- [What needs to be done]: Output must consist only of the lines of the material below from the one with "Φωτιστικό Κρεμαστό Εξάφωτο" through the one with "- 파스칼의 삼각형은, x == 0 일땐 무조건 1을 가진다", each reproduced exactly; no pictures belong in it.

- [Given entries]:
•••
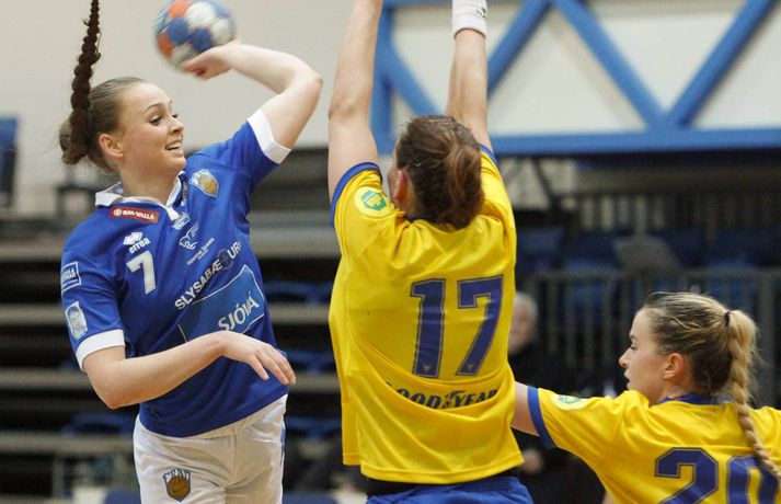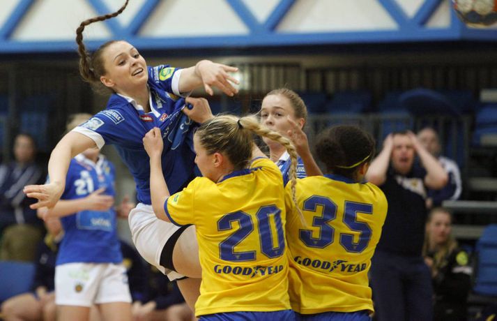 ÍBV tryggði sér sæti í 8-liða úrslitum Coca-Cola bikarsins í handbolta þegar liðið vann Stjörnuna í Mýrinni í dag. Eyjastúlkur unnu seiglusigur eftir jafnan og hrikalega spennandi leik, allt fram á síðustu mínútu leiksins. Bæði lið gerðu nóg af mistökum og kostuðu boltanum í gríð og erg útaf og í hendur andstæðinga. Einnig gerðust bæði lið sek um mörg sóknarbrot, en á endanum var það ÍBV sem gerði færri mistök og vann með tveggja marka mun, 22-24. Stjarnan byrjaði leikinn af fullum krafti og komst meðal annars í 3-0 og 7-4. Þegar rúmar tíu mínútur voru liðnar var staðan orðin 9-5, en þá var þjálfurum Eyjastúlkna nóg boðið og þeir tóku leikhlé. Eftir það skánaði leikurinn til muna, en þær voru að skjóta afar illa á Florentinu Stanciu sem varði hvern boltann á fætur öðrum. Gestirnir söxuðu hægt og rólega á forystu heimastúlkna og Telma Silva Amado jafnaði svo metin með einu af sex mörkum sínum í fyrri hálfleik. Staðan 10-10 þegar átján mínútur voru liðnar. Heimastúlkur reyndust svo ögn sterkari undir lok fyrri hálfleiks, en bæði lið voru að gera ótal mistök í sínum sóknarleik. Staðan 14-12 fyrir Garðarbæjarliðinu í hálfleik. Báðir markverðir höfðu verið að verja vel í fyrri hálfleik, en Florentina Stanciu var með 45% markvörslu í fyrri hálfleik. Hinu megin í marki ÍBV var Dröfn Haraldsdóttir með 36%. Telma Silva Amado var kominn með helming marka ÍBV í fyrri hálfleik eða sex talsins. Síðari hálfleikurinn einkenndist af mikilli baráttu enda sæti í 8-liða úrslitum bikarsins í boði. Heimastúlkur skoruðu fyrstu tvö mörkin í síðari hálfleik og virtust ætla vera sigla þessum leik þægilega í hús. Eyjastúlkur breyttu hins vegar stöðunni úr 16-12 í 16-16 og við vorum enn með leik í Mýrinni. Næstu mínútur voru jafnar og leikurinn var jafn og spennandi. Staðan var jöfn, en þá skellti Florentina í lás og heimastúlkur skoruðu úr hraðaupphlaupum. Þær breyttu stöðunni úr 18-18 í 21-18 en gestirnir neituðu enn og aftur að gefast upp og jöfnuðu í 21-21. Það voru svo gestirnir frá Vestmanaeyjum sem unnu að lokum nauman sigur eftir dramatískar lokamínútur. Á endanum gerðu þær færri mistök sem urðu þess valdandi að liðið er búið að tryggja sig í 8-liða úrslitin. Algjör seigla undir lokin, en lokatölur 22-24. Telma Silva Amado var frábær í liði ÍBV, en hún skoraði átta mörk úr jafnmörgum skotum. Hornamaðurinn ungi Díana Dögg Magnúsdóttir spilaði afar vel í horninu og Dröfn Haraldsdóttir stóð sig vel í markinu. Florentina Stanciu var í svakalegum ham í markinu hjá Stjörnunni og varði 43% skota sem á hana komu. Helena Rut Örvasdóttir var svo markahæst með sjö mörk, en hún skaut alls tólf sinnum.Jón Gunnlaugur: Viljum fá Gróttu eða Fram á heimavelli „Þetta var heldur betur frábær sigur. Þetta var kannski smá þjófnaður, en við komumst í fyrsta skipti yfir þegar fjórar mínútur voru eftir. Það sýnir karakter að geta gert þetta svona," sagði Jón Gunnlaugur, betur þekktur sem Gulli þjálfari ÍBV, við Vísi í leikslok. „Stelpurnar ætluðu sér sigur og það tókst. Ég verð að hrósa þeim í hástert bæði fyrir stuðninginn af bekknum og hvernig þær höguðu sér inná vellinum. Virkilega fagmennlega gert." „Mér fannst liðið spila vel í heild. Við lögðum leikinn vel upp og þegar vörnin small þá var þetta ekki spurning um hvort við myndum vera inn í leiknum, þær voru ekkert að fara valta yfir okkur. Ég er ánægður með það og skynsemina í sókninni." Aðspurður hvort hann hafi verið hræddur þegar Stjarnan var kominn þremur mörkum yfir á tímapunkti í síðari hálfleik svaraði Gulli kokhraustur: „Aldrei!," sem fór næst beint í sálfræði-bunkann. „Við vonum núna að við fáum Gróttu eða Fram á heimavelli. Ég held að það sé okkar möguleiki að fá eitthvað sterkt lið á heimavelli til þess að eiga þá auðveldara andstæðing ef við förum áfram í því," sagði Gulli í leikslok.Ragnar: Töpum þessu á hreinum aumingjaskap „Það er mjög einfalt hvað fór úrskeiðis. Þetta er sjötti leikurinn sem ég sé þetta lið spila á tveimur árum þar sem liðið er með unnin leik, en þora ekki að vinna hann og tapa hann á hreinum aumingjaskap," sagði Ragnar Hermannsson, þjálfari Stjörnunnar, brjálaður í samtali við Vísi í leikslok. „Það var bara farið að horfa um öxl í lykilstöðum í síðari hálfleik. Við erum með 22 tæknifeila og hugleysið í ákveðnum stöðum er þannig að maður veit ekki hvað er að gerast." „Við erum að búa til klassa stöður, við erum að spila klassa vörn og stelpurnar eru að leggja sig 110% fram. Það vantar ekkert uppá það. Við erum að halda liðið sem er að skora 30 mörk að meðaltali í deildinni í 24 mörkum, en þegar það kemur að lokastöðunum þá er engin sem þorir." „Við förum heldur betur inn í skelina. Ég held við skorum eitt mark síðustu tíu eða tólf mínútunum og það er úr eitthverju neyðarskoti þegar leikurinn er nánast búinn." „Ég er hrikalega ósáttur. Ekki við stelpurnar hvernig þær spiluðu leikinn, heldur þetta andlega mein sem er að trufla okkur núna. Það var að trufla okkur í fimmta leik gegn Val í fyrra, fjórða leik gegn Val í fyrra, öðrum leik gegn Val í fyrra. „Við vorum einnig góða stöðu í bikarúrslitaleik í fyrra og köstum því frá okkur. Þetta er að endurtaka sig aftur og aftur og ef okkur tekst ekki að leysa þetta þá verðum við alltaf bara eitthver silfurskeið." „Það er bara deildin núna og við eigum langt í land sérstaklega með þessi atriði sem ég er að tala um," sagði Ragnar hundfúll í leikslok.
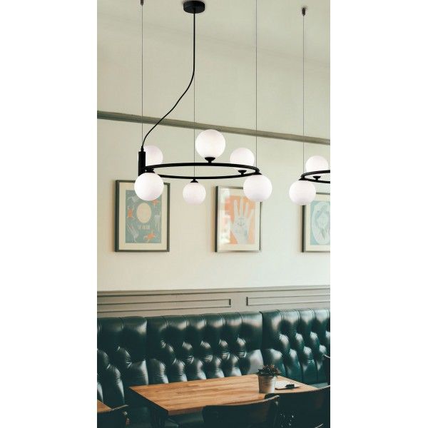 Φωτιστικό Κρεμαστό Εξάφωτο 6*G9 Μαύρο Μέταλλο /Γυαλί Οπάλ Σατινάτο Viokef Fancy 4208500
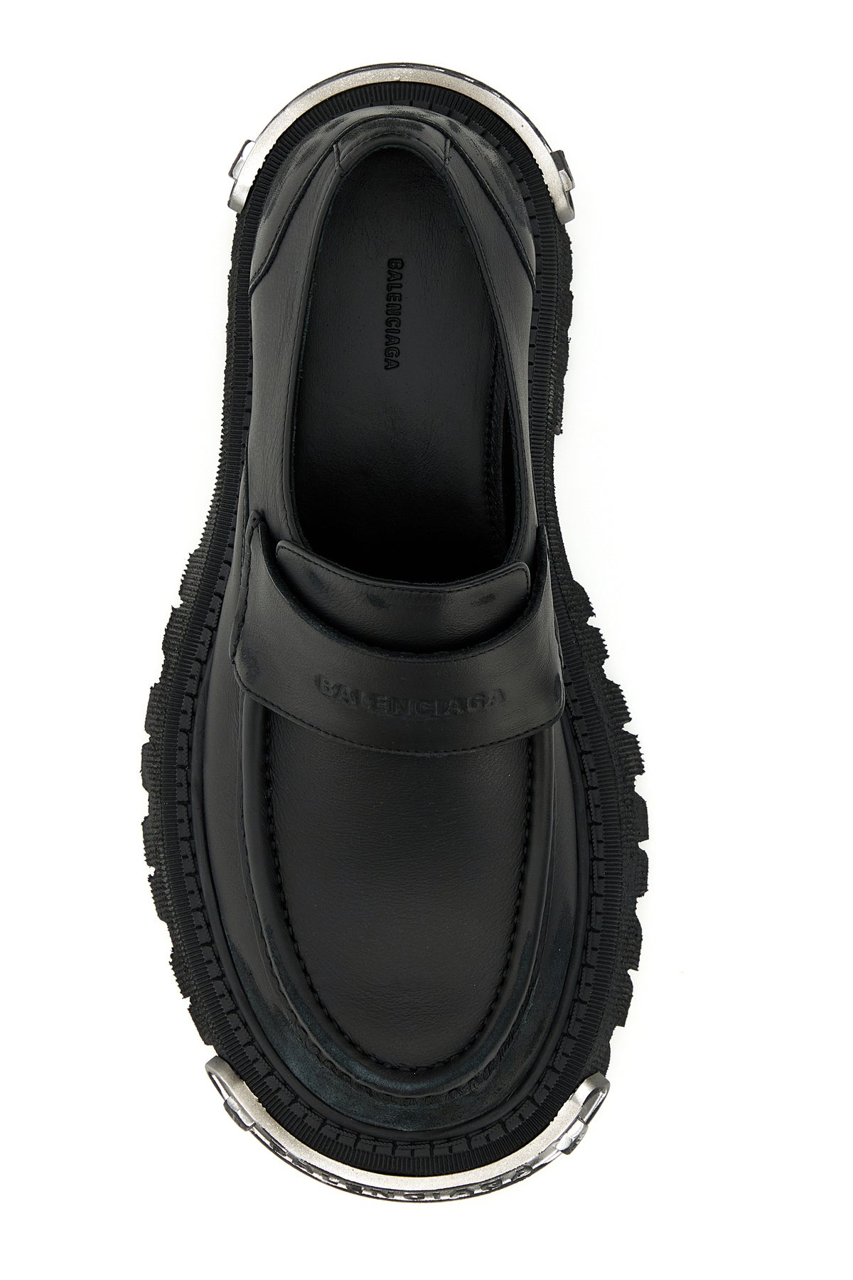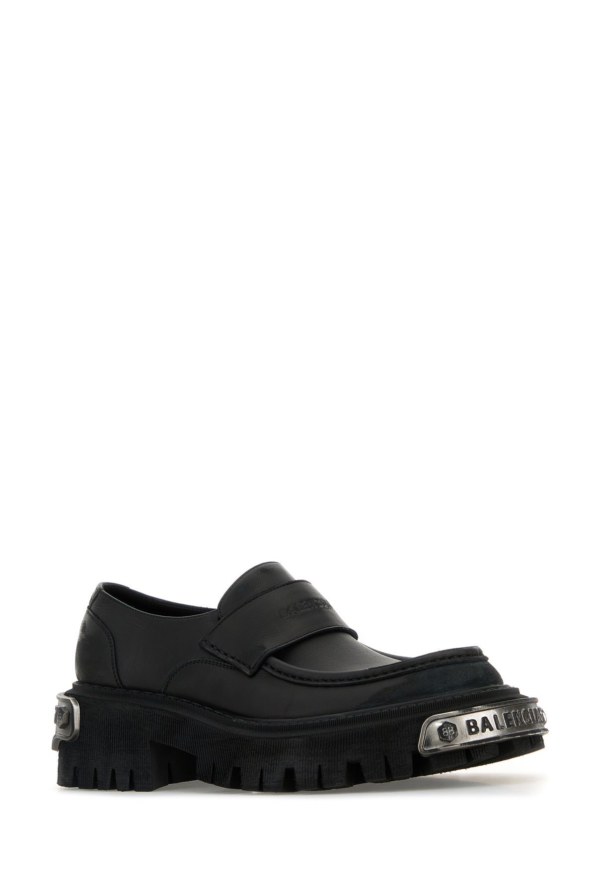 Loafers realized in worn-out effect calf leather characterized by embossed logo on the vamp enriched by metal Balenciaga plate on the toe and at the back.
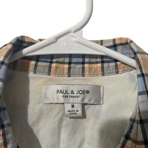 Paul & Joe for Target Orange & Blue Plaid Pear Button Down Top w/Embroidery
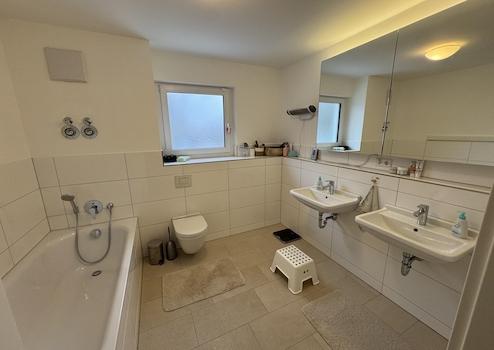 - Tageslichtbad mit heller Wandverfliesung und Bodenfliesen in moderner Steinoptik; zwei einzelne Waschtische, große Badewanne (180x80cm) und Hänge-WC
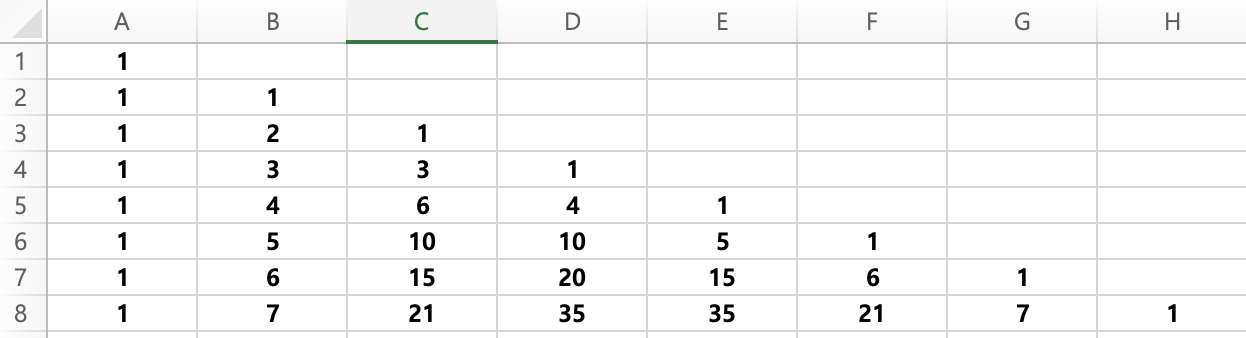 - 파스칼의 삼각형은, x == 0 일땐 무조건 1을 가진다
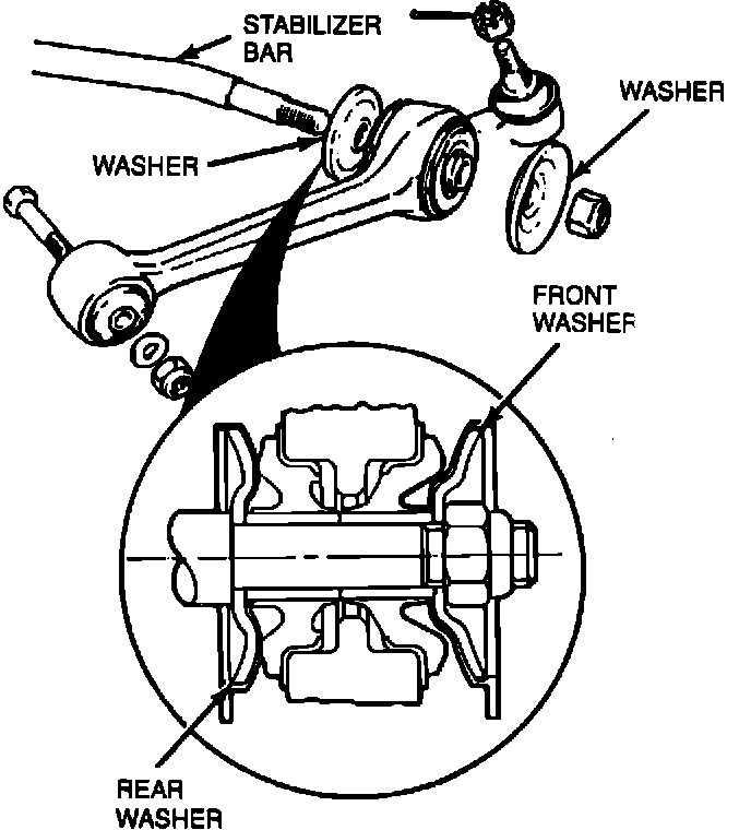 21. Tighten the stabilizer bar to control arm attaching nut to 52-81 ft.lbs. (70-110 N-m). Make sure the front washer does not rotate with the nut during tightening.
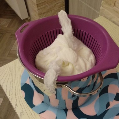 Берем высокую кастрюлю, устанавливаем на нее дуршлаг, выстилаем его марлей в 3-4 слоя и переливаем в него творожную смесь. Оставляем в прохладном месте часа на 2-3
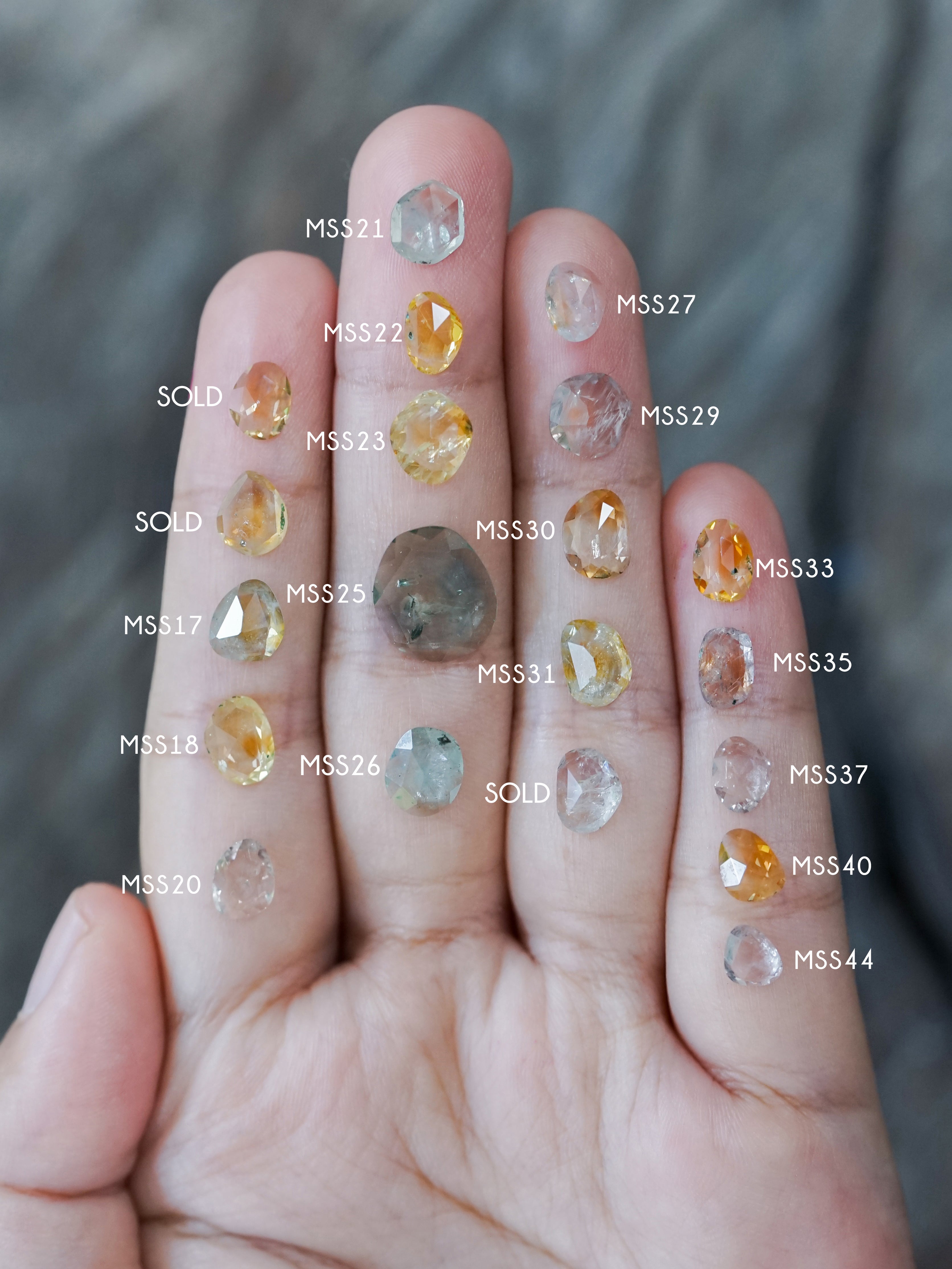 • MSS17 - 1.03 ct, measures 7.2 x 6.1 x 2.8 mm, constantly transitioning from clear to yellow, generously sprinkled with salt.
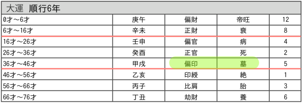 36歳〜46歳の10年間は【偏印 / 墓】が影響します。
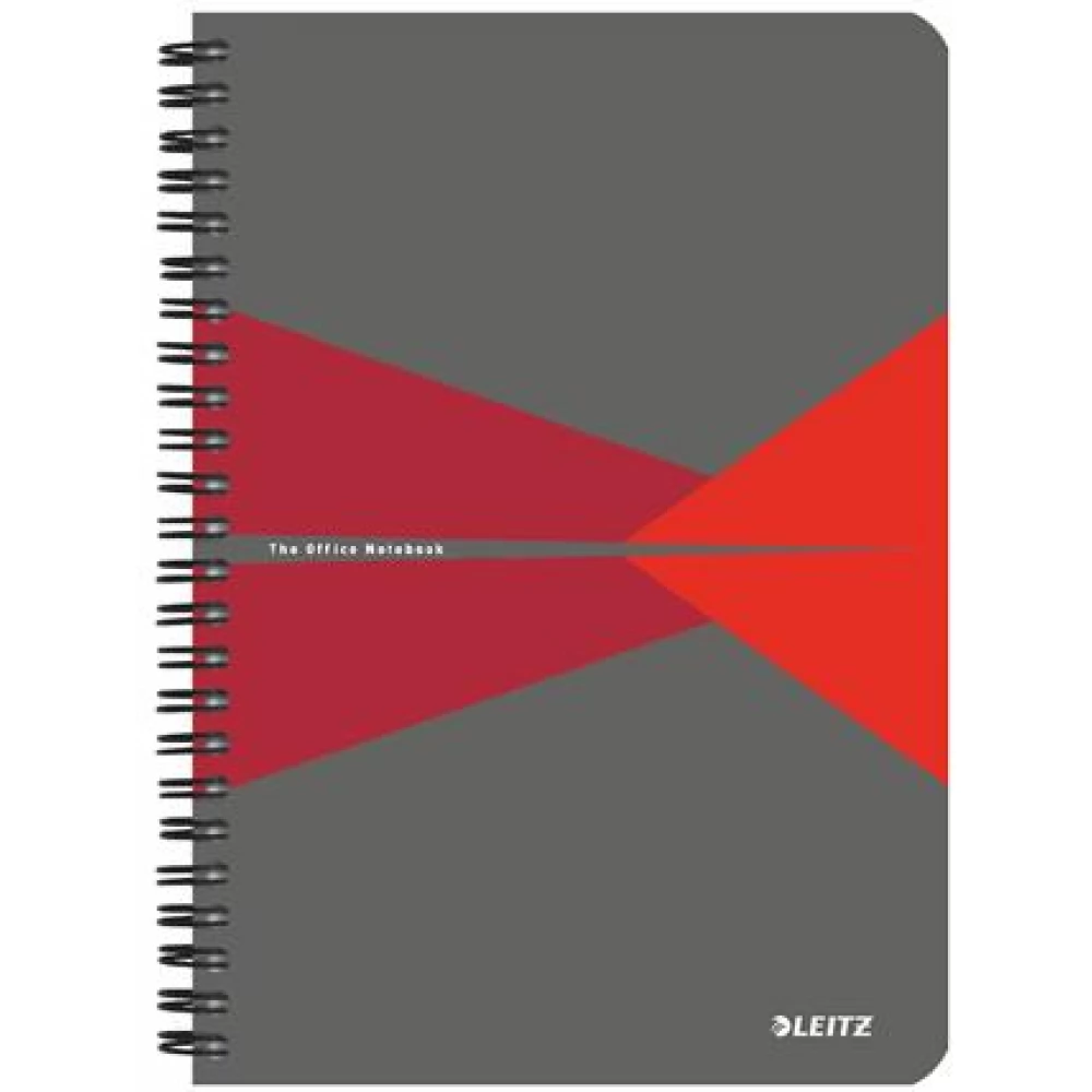 LEITZ Office caiet cu spirale A5 cu pătrăţele 90 lap PP acoperi gri-roșu
•••
- [Your response]:
 Φωτιστικό Κρεμαστό Εξάφωτο 6*G9 Μαύρο Μέταλλο /Γυαλί Οπάλ Σατινάτο Viokef Fancy 4208500
 Loafers realized in worn-out effect calf leather characterized by embossed logo on the vamp enriched by metal Balenciaga plate on the toe and at the back.
 Paul & Joe for Target Orange & Blue Plaid Pear Button Down Top w/Embroidery
 - Tageslichtbad mit heller Wandverfliesung und Bodenfliesen in moderner Steinoptik; zwei einzelne Waschtische, große Badewanne (180x80cm) und Hänge-WC
 - 파스칼의 삼각형은, x == 0 일땐 무조건 1을 가진다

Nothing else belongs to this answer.